■ **Entries supplied**:
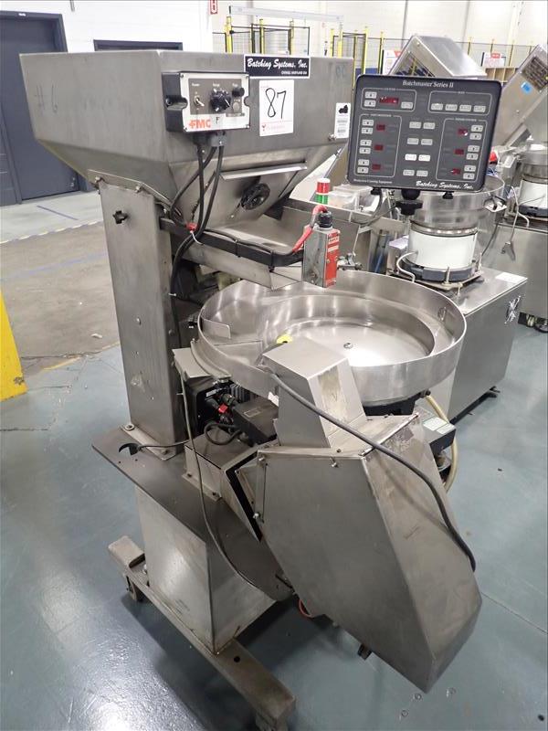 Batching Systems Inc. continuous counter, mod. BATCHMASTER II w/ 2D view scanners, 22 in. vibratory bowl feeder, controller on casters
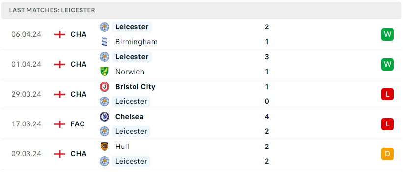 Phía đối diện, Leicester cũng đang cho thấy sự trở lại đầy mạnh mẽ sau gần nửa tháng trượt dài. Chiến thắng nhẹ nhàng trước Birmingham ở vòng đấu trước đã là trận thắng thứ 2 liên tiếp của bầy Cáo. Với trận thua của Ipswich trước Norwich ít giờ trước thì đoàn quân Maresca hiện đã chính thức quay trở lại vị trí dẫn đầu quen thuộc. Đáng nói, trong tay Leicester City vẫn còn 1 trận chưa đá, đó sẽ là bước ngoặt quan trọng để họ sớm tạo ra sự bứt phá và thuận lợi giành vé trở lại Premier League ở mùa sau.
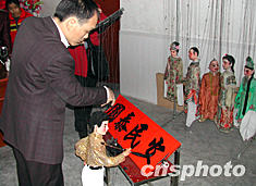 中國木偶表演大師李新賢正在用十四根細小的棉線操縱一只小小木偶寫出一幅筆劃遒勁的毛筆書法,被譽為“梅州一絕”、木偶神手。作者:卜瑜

...

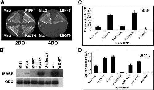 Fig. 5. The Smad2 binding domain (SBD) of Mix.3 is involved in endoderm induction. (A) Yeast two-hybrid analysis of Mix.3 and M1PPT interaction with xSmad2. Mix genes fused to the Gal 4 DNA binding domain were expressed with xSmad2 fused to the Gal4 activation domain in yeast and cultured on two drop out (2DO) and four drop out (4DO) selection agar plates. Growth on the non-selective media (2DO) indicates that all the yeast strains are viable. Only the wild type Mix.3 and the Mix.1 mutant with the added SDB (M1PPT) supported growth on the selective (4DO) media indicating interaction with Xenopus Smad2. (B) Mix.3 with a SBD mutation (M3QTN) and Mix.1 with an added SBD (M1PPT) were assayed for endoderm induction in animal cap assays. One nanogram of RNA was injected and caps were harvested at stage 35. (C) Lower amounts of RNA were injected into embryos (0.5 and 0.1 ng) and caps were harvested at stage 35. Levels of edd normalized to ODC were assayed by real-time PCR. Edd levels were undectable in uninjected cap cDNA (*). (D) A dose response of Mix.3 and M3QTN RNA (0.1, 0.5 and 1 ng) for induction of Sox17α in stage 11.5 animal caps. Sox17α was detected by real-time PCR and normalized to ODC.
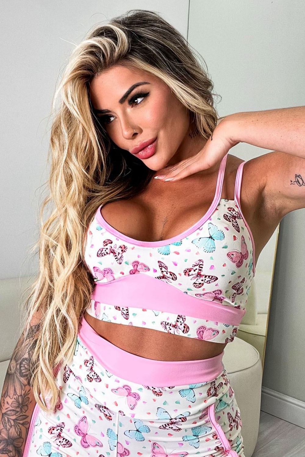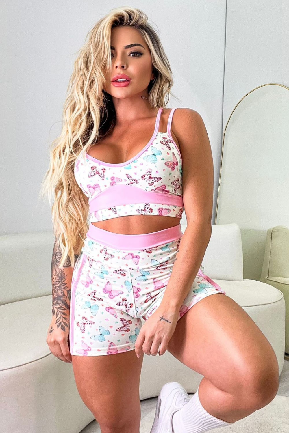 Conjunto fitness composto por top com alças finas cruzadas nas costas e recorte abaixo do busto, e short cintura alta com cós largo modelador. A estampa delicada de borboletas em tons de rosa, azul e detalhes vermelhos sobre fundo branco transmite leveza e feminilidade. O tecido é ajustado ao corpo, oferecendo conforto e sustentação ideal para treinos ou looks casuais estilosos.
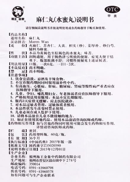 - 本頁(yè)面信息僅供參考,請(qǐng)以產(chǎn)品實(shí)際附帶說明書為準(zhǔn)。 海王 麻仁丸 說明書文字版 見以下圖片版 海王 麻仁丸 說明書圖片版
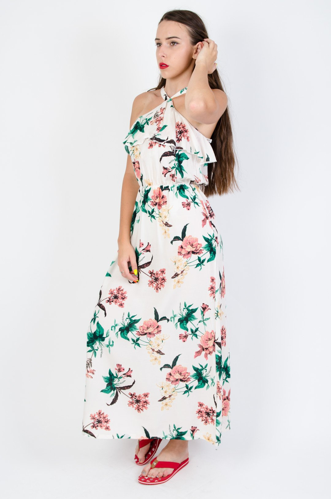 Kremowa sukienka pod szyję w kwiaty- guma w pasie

■ **Exercise instructions**:
Transcribe, exactly and without pictures, everything in the data from the line with "Batching Systems Inc." down to the line with "中國木偶表演大師李新賢正在用", both included.

■ **Output**:
 Batching Systems Inc. continuous counter, mod. BATCHMASTER II w/ 2D view scanners, 22 in. vibratory bowl feeder, controller on casters
 Phía đối diện, Leicester cũng đang cho thấy sự trở lại đầy mạnh mẽ sau gần nửa tháng trượt dài. Chiến thắng nhẹ nhàng trước Birmingham ở vòng đấu trước đã là trận thắng thứ 2 liên tiếp của bầy Cáo. Với trận thua của Ipswich trước Norwich ít giờ trước thì đoàn quân Maresca hiện đã chính thức quay trở lại vị trí dẫn đầu quen thuộc. Đáng nói, trong tay Leicester City vẫn còn 1 trận chưa đá, đó sẽ là bước ngoặt quan trọng để họ sớm tạo ra sự bứt phá và thuận lợi giành vé trở lại Premier League ở mùa sau.
 中國木偶表演大師李新賢正在用十四根細小的棉線操縱一只小小木偶寫出一幅筆劃遒勁的毛筆書法,被譽為“梅州一絕”、木偶神手。作者:卜瑜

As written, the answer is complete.